Employers sometimes pay workers more than the federal Fair Labor Standards Act requires. Of course, some do so as a matter of choice.
However, in other situations, this happens because management misunderstands what its legal obligations are. Among the potentially expensive misconceptions about the FLSA's principles are:
- "Paid Time Off Must Be Counted As Hours Worked."
The FLSA does not compel employers to treat paid time off as worktime (provided that the employee is in fact not performing any work, including not being "engaged to wait"). For instance, assume that Barb works 36 hours on Monday through Thursday of her Monday-through-Sunday workweek. She performs no work of any kind on Friday, because it is a holiday. Under ABC Corporation's holiday policy, she receives pay for that holiday equal to eight hours times her normal hourly rate. She does no other work in the workweek.
ABC Corporation is not required to treat Barb's eight holiday hours as FLSA worktime, so under that law she has worked only 36 hours – not (36 + 8) = 44 hours. In other words, even though she is paid for 44 hours (36 hours worked, plus 8 unworked holiday hours), none of those hours has to be paid for at FLSA overtime rates.
- "Employees Must Be Allowed To Work Their Full Schedules."
Nothing in the FLSA prevents an employer from reducing the hours worked in a workday or workweek, or from sending employees home before they have worked their usual schedules. This is lawful under the FLSA, even if it is done in the interests of reducing the amount of work performed so as to avoid paying any overtime wages.
As an illustration, suppose that ABC Corporation's non-exempt employees have already worked 36 hours each on Monday through Thursday of their Monday-through-Sunday workweek. If they work a full eight-hour schedule on Friday for a total of 44 hours worked in the workweek, the FLSA overtime pay due for the four overtime hours will be more than the budget can stand.
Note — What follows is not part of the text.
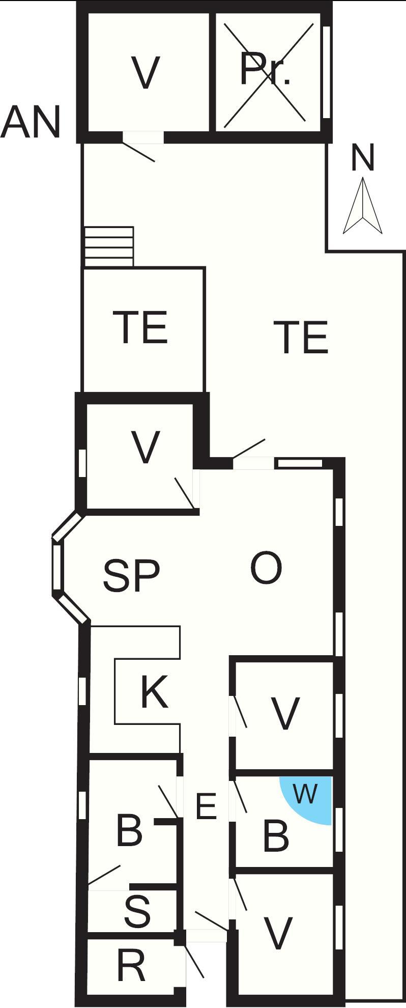 1 Opholdsstue: Brændeovn, tv, høj stol

Management sends each employee home after he or she has worked no more than four additional hours on Friday, and the employees perform no other work in the workweek, such that no employee has worked more than 40 hours in the workweek. This is perfectly acceptable under the FLSA
- "An Employee Must Be Paid The Same Rate For Each Kind Of Work."
This is not so; the FLSA permits employers to assign different hourly rates (of not less than its minimum wage) to different kinds of work. Naturally, this may not be done in a way that has the purpose or effect of unlawfully evading the FLSA's overtime requirements. See, e.g., 29 C.F.R. Part 778, Subpart F.
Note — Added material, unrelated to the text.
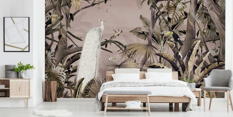tropical forest peacock wallpaper mural called Tropical Forest Peacock at Wallsauce for bedrooms and living rooms

Consider this example: Each Sunday afternoon, Construction Company's equipment operators are required to drive themselves and their tools and heavy equipment to the location at which they will perform their work beginning on Monday morning. Management knows that this Sunday activity counts as compensable worktime under the FLSA, but it does not want to pay the operators their same high hourly rates for this work. The FLSA permits Construction Company to pay a lower hourly rate of not less than the minimum wage for the Sunday work.
The Bottom Line
It is wise to take a fresh look periodically to ensure that compensation practices are not unintentionally pushing wage costs higher than is legally necessary under the FLSA. Of course, employers must also consider whether other, non-FLSA limitations restrict their alternatives, such as the requirements of another applicable law or of a union contract.